### Task instructions
Of the material below, only the lines from the line containing "619 nh 378 image#378, 5c" down to the line containing "一个循环完成后,进气与出气阀" belong in the answer, written out exactly.

### Data records

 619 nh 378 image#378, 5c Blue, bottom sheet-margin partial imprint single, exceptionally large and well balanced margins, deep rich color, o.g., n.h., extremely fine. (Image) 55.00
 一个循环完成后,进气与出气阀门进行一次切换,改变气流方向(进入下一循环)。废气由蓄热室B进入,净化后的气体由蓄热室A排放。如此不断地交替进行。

...

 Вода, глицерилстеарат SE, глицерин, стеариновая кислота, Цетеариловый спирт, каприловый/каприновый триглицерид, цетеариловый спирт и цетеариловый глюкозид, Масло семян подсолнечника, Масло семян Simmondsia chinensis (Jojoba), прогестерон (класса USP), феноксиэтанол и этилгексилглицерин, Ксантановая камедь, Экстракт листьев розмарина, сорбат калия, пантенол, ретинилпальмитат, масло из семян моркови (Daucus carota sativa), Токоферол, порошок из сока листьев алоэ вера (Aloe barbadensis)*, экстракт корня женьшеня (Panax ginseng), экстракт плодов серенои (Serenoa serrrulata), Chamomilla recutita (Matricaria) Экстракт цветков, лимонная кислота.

==

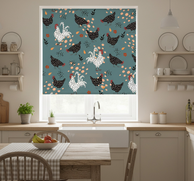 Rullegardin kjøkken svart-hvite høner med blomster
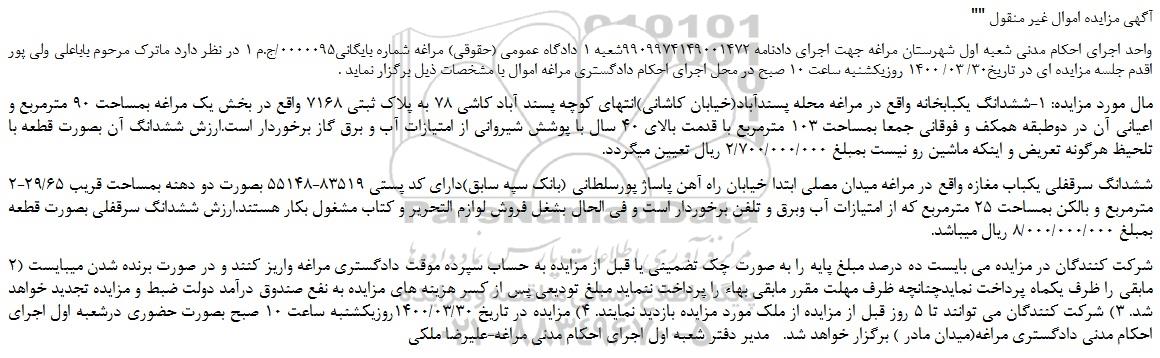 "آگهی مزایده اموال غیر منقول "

### Answer below
 619 nh 378 image#378, 5c Blue, bottom sheet-margin partial imprint single, exceptionally large and well balanced margins, deep rich color, o.g., n.h., extremely fine. (Image) 55.00
 一个循环完成后,进气与出气阀门进行一次切换,改变气流方向(进入下一循环)。废气由蓄热室B进入,净化后的气体由蓄热室A排放。如此不断地交替进行。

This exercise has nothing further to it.